[Devel] [PATCH 1/1] Dynamically allocate the loopback device

Eric W. Biederman ebiederm at xmission.com
Mon Aug 27 05:12:14 PDT 2007


Stephen Hemminger <shemminger at linux-foundation.org> writes:

> On Fri, 24 Aug 2007 19:55:47 +0400
> "Denis V. Lunev" <dlunev at gmail.com> wrote:
>
>> dlezcano at fr.ibm.com wrote:
>> > From: Daniel Lezcano <dlezcano at fr.ibm.com>
>> > 
>> > Doing this makes loopback.c a better example of how to do a
>> > simple network device, and it removes the special case
>> > single static allocation of a struct net_device, hopefully
>> > making maintenance easier.
>> > 
>> > Applies against net-2.6.24
>> > 
>> > Tested on i386, x86_64
>> > Compiled on ia64, sparc
>> 
>> I think that a small note, that initialization order is changed will be
>> good to record. After this, loopback MUST be allocated before any other
>> networking subsystem initialization. And this is an important change.
>> 
>> Regards,
>>     Den
>
> Yes, this code would break when other drivers are directly linked
> in. 

No. Other drivers don't care at all about the loopback device,
and it isn't a requirement that the loopback device be initialized
before other devices.

The requirement is that the loopback device is allocated before
we start using it.  Which means networking subsystems like
ipv4 and ipv6 care not other network drivers.  In practices this means
before we get very far into the ipv4 subsystem initialization as
ipv4 is always compiled in and is initialized early.

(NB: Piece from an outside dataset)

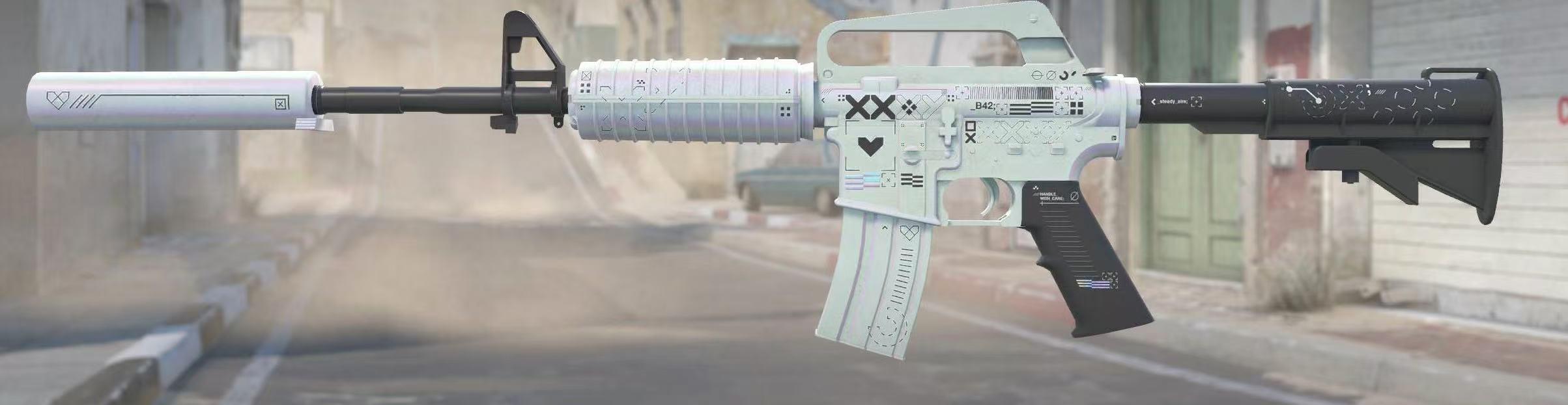 M4A1印花集皮肤的主要特点是其大片纯白的枪身上布满了各种未来感的文字和会变色的镭射条。这些设计元素在每款皮肤上都有所体现,但由于枪身较长,黑色部分的处理也有所不同。此外,枪头位置有爱心、实心及空心的X标志,这些设计元素不仅增加了皮肤的视觉效果,还具有一定的象征意义

To get the initialization order correct I used fs_initcall instead of
module_init.

When I reflect on it.  I'm not really comfortable with the fact
that we currently start using the loopback device before we
finish initializing and register it.  Although it has worked
for over a decade so I guess early on we don't care about
much more then the address of the loopback device.

>From what I can tell the initialization order dependency seems much
less subtle and much more robust then separate rules for allocating
the loopback device.  We have had several patchs recently that
broke (including one merged upstream).  The only way I can see
to break an initialization order dependency is to go deliberately
messing around with initialization order.

Eric

p.s.  My apologies for the late reply some one dropped me off the cc.
And I have been under the weather all week.